A Happy New Year to one and all! While many of us were busy wrapping presents, the journal Science announced its much-anticipated scientific breakthroughs of 2018. In case you missed the announcement [1], it was another banner year for the biomedical sciences.

The 2018 Breakthrough of the Year went to biomedical science and its ability to track the development of life—one cell at a time—in a variety of model organisms. This newfound ability opens opportunities to understand the biological basis of life more systematically than ever before. Among Science’s “runner-up” breakthroughs, more than half had strong ties to the biomedical sciences and NIH-supported research.

Sound intriguing? Let’s take a closer look at some of the amazing science conducted in 2018, starting with Science’s Breakthrough of the Year.

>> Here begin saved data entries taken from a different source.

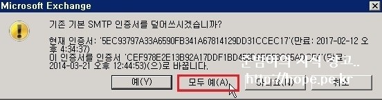 5. Microsoft Exchagne 창에서, 모두 예 를 클릭 합니다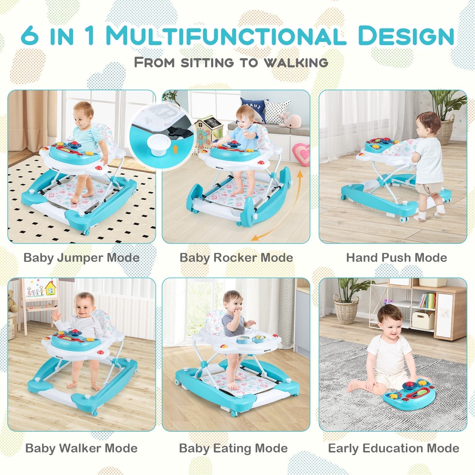 6 in 1 Foldable Baby Walker with Adjustable Height-Green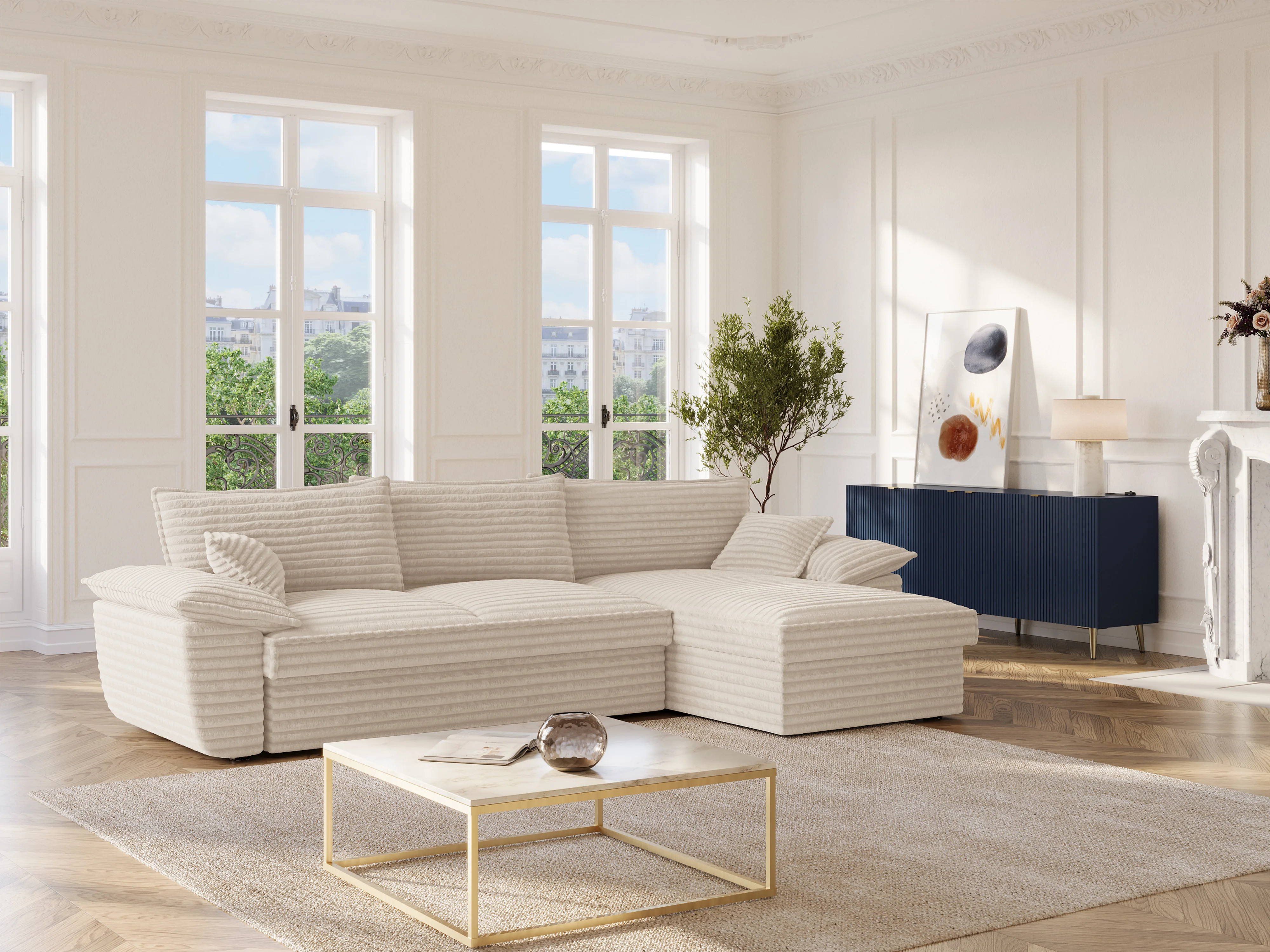Canapé d'angle droit convertible en velours côtelé grosses côtes beige GUILLERMO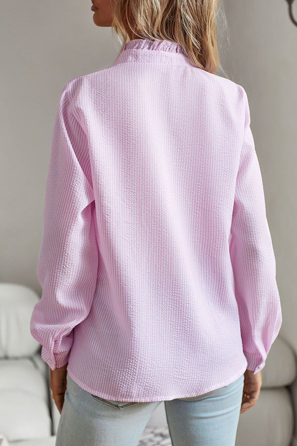 Button Stringy Selvedge Long Sleeve Casual Tops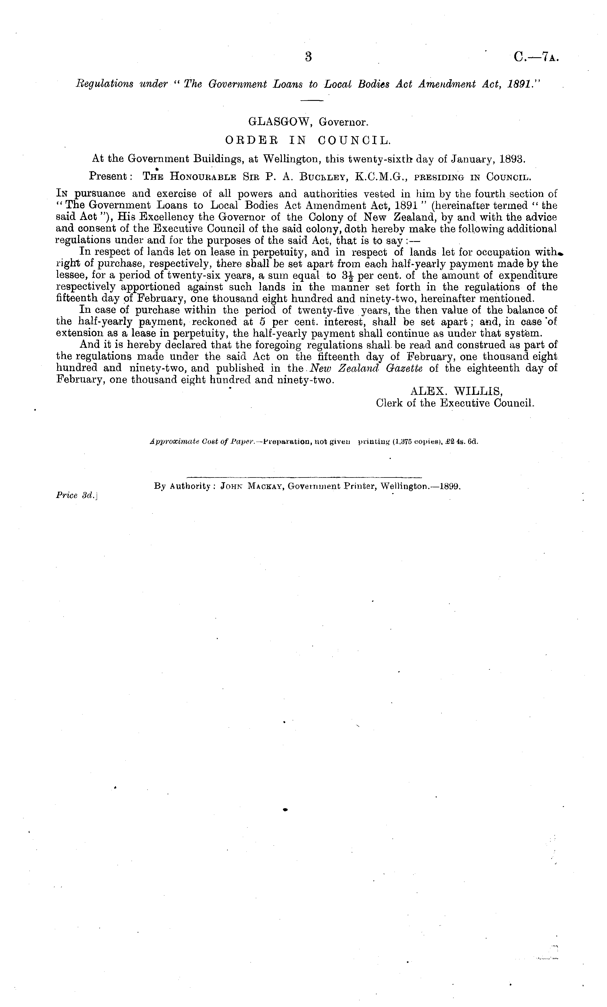 Regulations under " The Government Loans to Local Bodies Act Amendment Act, 1891." GLASGOW, Governor. OEDEE IN COUNCIL. At the Government Buildings, at Wellington, this twenty-sixth day of January, 1893. Present: The Honoukable Sic P. A. Buckley, K.C.M.G., pbesiding in Council. In pursuance and exercise of all powers and authorities vested in him by the fourth section of " The Government Loans to Local Bodies Act Amendment Act, 1891 " (hereinafter termed " the said Act "), His Excellency the Governor of the Colony of New Zealand, by and with the advice and consent of the Executive Council of the said colony, doth hereby make the following additional regulations under and for the purposes of the said Act, that is to say : — In respect of lands let on lease in perpetuity, and in respect of lands let for occupation with*, right of purchase, respectively, there shall be set apart from each half-yearly payment made by the lessee, for a period of twenty-six years, a sum equal to 3J per cent, of the amount of expenditure respectively apportioned against such lands in the manner set forth in the regulations of the fifteenth day of February, one thousand eight hundred and ninety-two, hereinafter mentioned. In case of purchase within the period of twenty-five years, the then value of the balance of the half-yearly payment, reckoned at 5 per cent, interest, shall be set apart; and, in case'of extension as a lease in perpetuity, the half-yearly payment shall continue as under that system. And it is hereby declared that the foregoing regulations shall be read and construed as part of the regulations made under the said Act on the fifteenth day of February, one thousand eight hundred and ninety-two, and published in the..New Zealand Gazette of the eighteenth day of February, one thousand eight hundred and ninety-two. ALEX. WILLIS, Clerk of the Executive Council. Approximate Cost of Pa/per. —Preparation, not given printing (1.375 copies), £2 4s. 6d.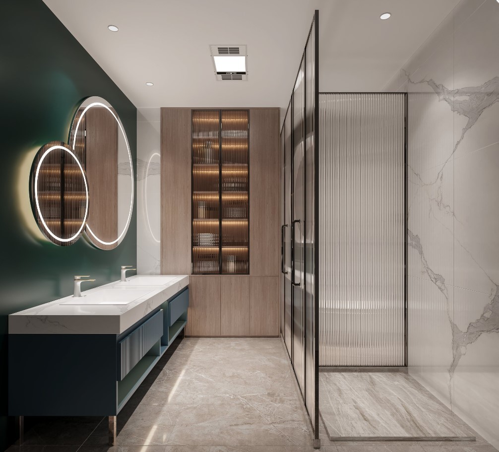 深色装饰墙砖,能使空间不呆板,乃抓住视觉中心。空间分离。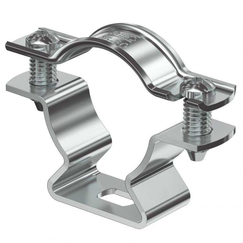 Spacer clip for the installation of pipes and cables on walls, ceilings and floors. With self-locking upper part. Fastening via slot. From the clip size of 20 suitable for installation with a nail device or bolt-firing device.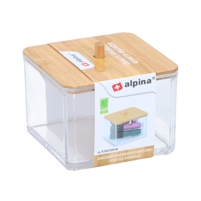 Praktische en mooie cosmetica organizer met bamboe deksel van het merk Alpina. De organizer heeft een afmeting van 9,5x9,5x8cm.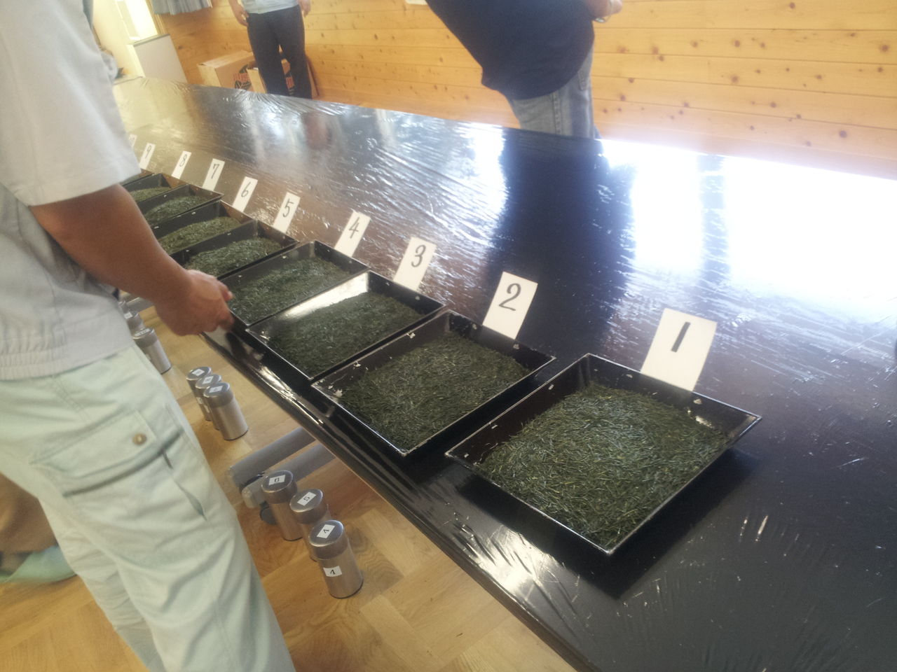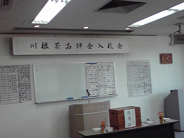 今日は川根茶業協同組合主催の第50回川根茶品評会の入札販売会が開催されました。品評会で順位が決まったお茶を入札によって、落札業者が決まります。金額を決め、写真中央に写っている投票箱に金額を書いた札を入れます。今年の落札率は良かったようです。がんばろう川根茶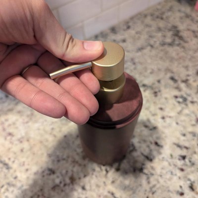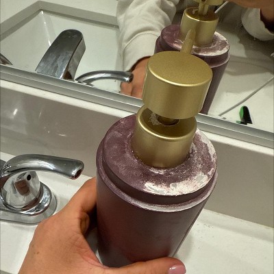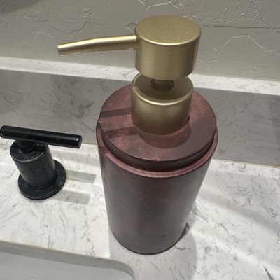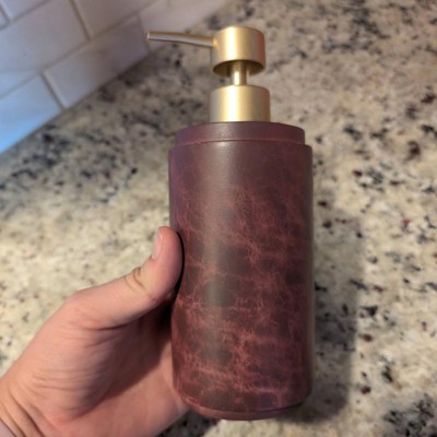 [This review was collected as part of a promotion.] This seems like a sturdy soap container. The coloring is a maroon or reddish brown. The container seems fairly high quality. The top pump is gold, but it feels like plastic. I don't like the poor quality of the pump as I think my children will break this easily. I don't think this will last long in our bathroom. The pump works smoothly for now. It's good if it matches your aesthetic I received an incentive to write this review.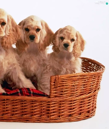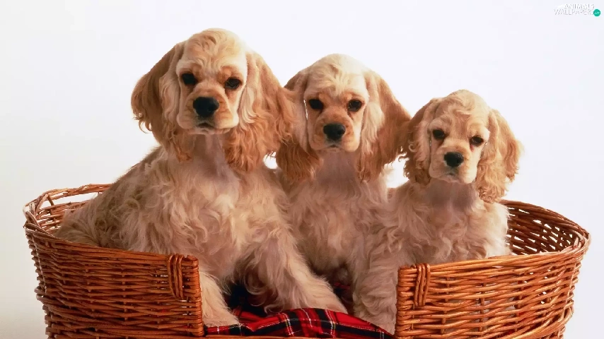 basket, Three, Spaniels, Red-Haired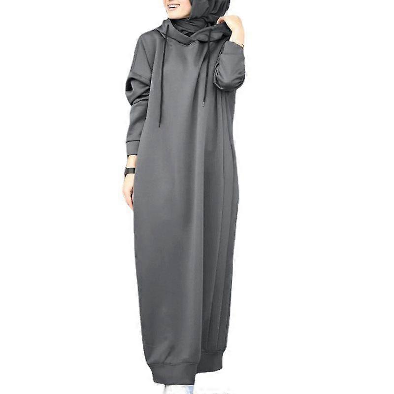 Muslim Spring and Autumn Women's Drawstring Loose Casual Pocket Long Sleeve Hoodie Sweater Dress Solid Color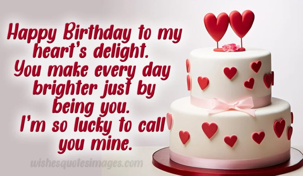 Romance is all about gentle words, deep admiration, and heartfelt affection. These romantic lines appreciate her inner and outer beauty, making these Heart Touching Birthday Wishes for Wife even more special.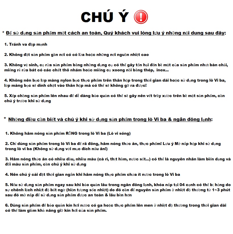 === ƯU ĐIỂM CỦA SẢN PHẨM === + Nguyên liệu nhựa nguyên sinh cao cấp, đã thông qua kiểm định theo tiêu chuẩn về an toàn vệ sinh thực phẩm. + Đạt tiêu chuẩn khắt

Development Cell by Cell: For millennia, biologists have wondered how a single cell develops into a complete multicellular organism, such as a frog or a mouse. But solving that mystery was almost impossible without the needed tools to study development systematically, one cell at a time. That’s finally started to change within the last decade. I’ve highlighted the emergence of some of these powerful tools on my blog and the interesting ways that they were being applied to study development.

Over the past few years, all of this technological progress has come to a head. Researchers, many of them NIH-supported, used sophisticated cell labeling techniques, nucleic acid sequencing, and computational strategies to isolate thousands of cells from developing organisms, sequence their genetic material, and determine their location within that developing organism.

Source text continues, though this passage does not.